======== Extracted records

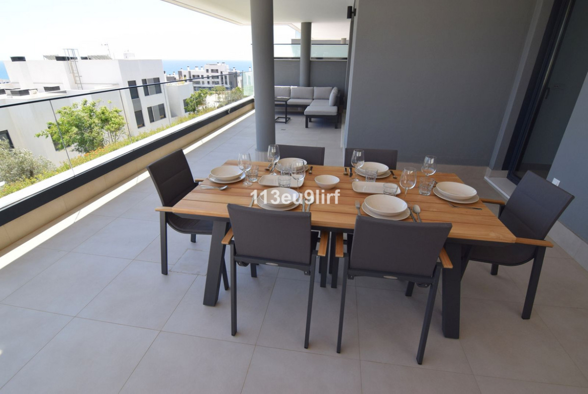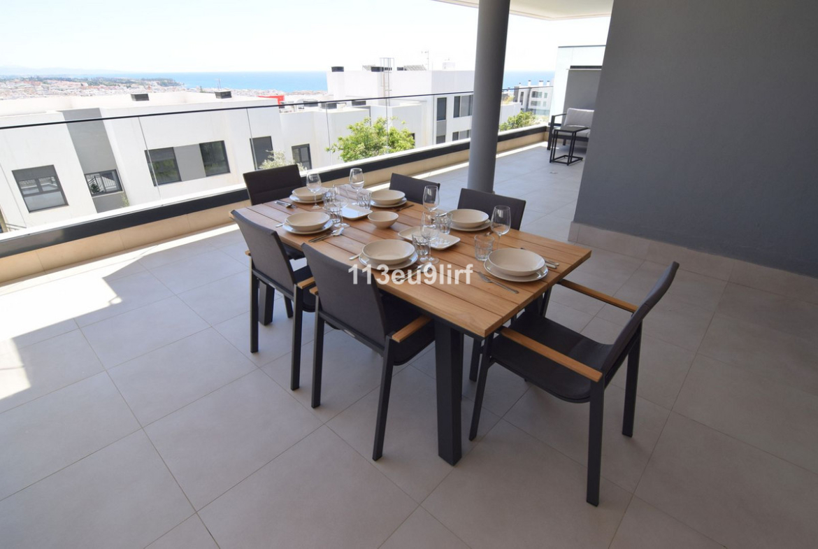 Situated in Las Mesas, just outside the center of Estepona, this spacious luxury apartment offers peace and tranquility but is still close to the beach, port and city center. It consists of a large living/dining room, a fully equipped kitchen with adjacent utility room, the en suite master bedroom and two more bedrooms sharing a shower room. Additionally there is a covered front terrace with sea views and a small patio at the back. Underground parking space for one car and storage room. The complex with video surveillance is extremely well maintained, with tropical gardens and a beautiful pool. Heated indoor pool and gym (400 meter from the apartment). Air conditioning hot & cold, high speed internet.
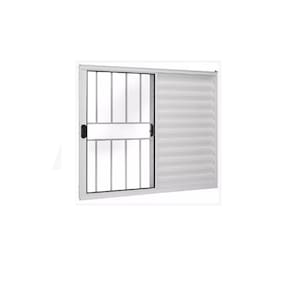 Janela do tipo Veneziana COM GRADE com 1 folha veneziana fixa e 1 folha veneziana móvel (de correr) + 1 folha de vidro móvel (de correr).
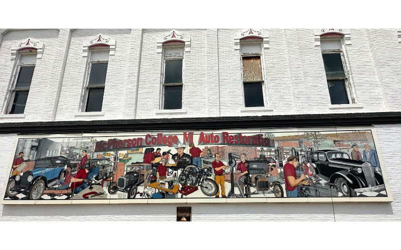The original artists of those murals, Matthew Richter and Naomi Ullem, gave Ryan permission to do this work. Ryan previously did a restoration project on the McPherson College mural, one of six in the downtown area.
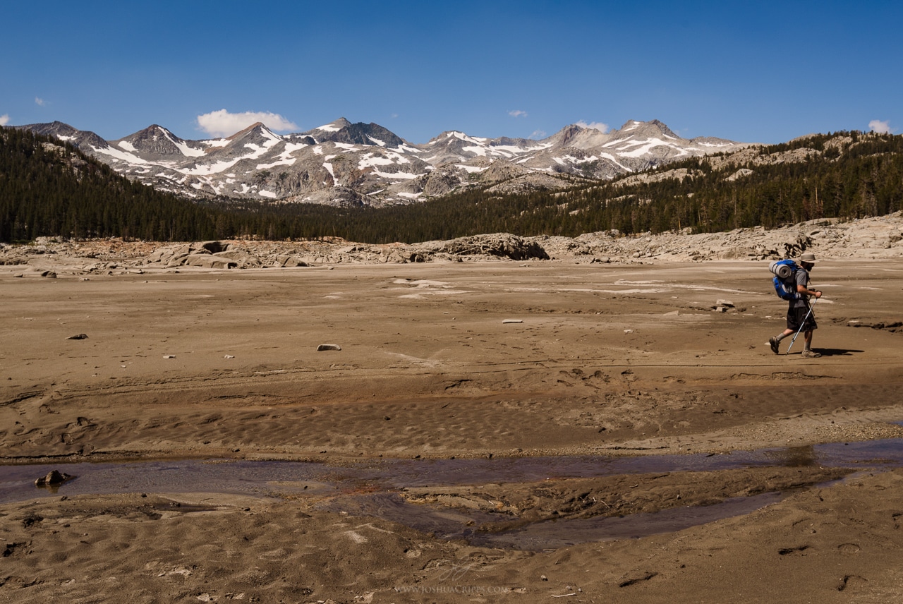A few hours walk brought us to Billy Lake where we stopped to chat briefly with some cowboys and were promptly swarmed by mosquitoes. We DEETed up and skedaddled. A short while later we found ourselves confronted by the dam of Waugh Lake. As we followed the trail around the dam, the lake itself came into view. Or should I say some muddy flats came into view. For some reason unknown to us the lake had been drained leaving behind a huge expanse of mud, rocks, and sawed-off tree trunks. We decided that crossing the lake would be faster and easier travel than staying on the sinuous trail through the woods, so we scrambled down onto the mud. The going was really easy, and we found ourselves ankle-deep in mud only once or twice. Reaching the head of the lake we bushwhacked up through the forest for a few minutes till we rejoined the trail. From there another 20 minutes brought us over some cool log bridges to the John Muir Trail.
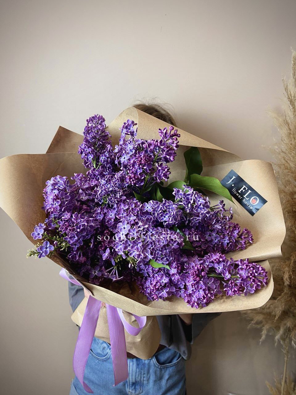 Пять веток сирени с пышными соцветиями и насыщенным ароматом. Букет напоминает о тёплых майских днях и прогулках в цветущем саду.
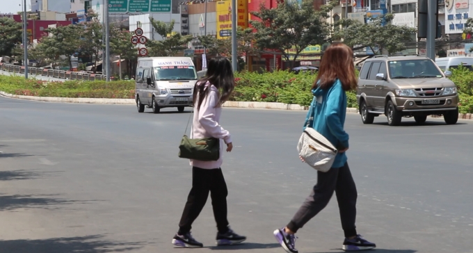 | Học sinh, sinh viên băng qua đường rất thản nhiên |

================

### Task item:
Every entry above needs to be duplicated exactly, without its images.

### Reply to the exercise:
 Situated in Las Mesas, just outside the center of Estepona, this spacious luxury apartment offers peace and tranquility but is still close to the beach, port and city center. It consists of a large living/dining room, a fully equipped kitchen with adjacent utility room, the en suite master bedroom and two more bedrooms sharing a shower room. Additionally there is a covered front terrace with sea views and a small patio at the back. Underground parking space for one car and storage room. The complex with video surveillance is extremely well maintained, with tropical gardens and a beautiful pool. Heated indoor pool and gym (400 meter from the apartment). Air conditioning hot & cold, high speed internet.
 Janela do tipo Veneziana COM GRADE com 1 folha veneziana fixa e 1 folha veneziana móvel (de correr) + 1 folha de vidro móvel (de correr).
The original artists of those murals, Matthew Richter and Naomi Ullem, gave Ryan permission to do this work. Ryan previously did a restoration project on the McPherson College mural, one of six in the downtown area.
A few hours walk brought us to Billy Lake where we stopped to chat briefly with some cowboys and were promptly swarmed by mosquitoes. We DEETed up and skedaddled. A short while later we found ourselves confronted by the dam of Waugh Lake. As we followed the trail around the dam, the lake itself came into view. Or should I say some muddy flats came into view. For some reason unknown to us the lake had been drained leaving behind a huge expanse of mud, rocks, and sawed-off tree trunks. We decided that crossing the lake would be faster and easier travel than staying on the sinuous trail through the woods, so we scrambled down onto the mud. The going was really easy, and we found ourselves ankle-deep in mud only once or twice. Reaching the head of the lake we bushwhacked up through the forest for a few minutes till we rejoined the trail. From there another 20 minutes brought us over some cool log bridges to the John Muir Trail.
 Пять веток сирени с пышными соцветиями и насыщенным ароматом. Букет напоминает о тёплых майских днях и прогулках в цветущем саду.
 | Học sinh, sinh viên băng qua đường rất thản nhiên |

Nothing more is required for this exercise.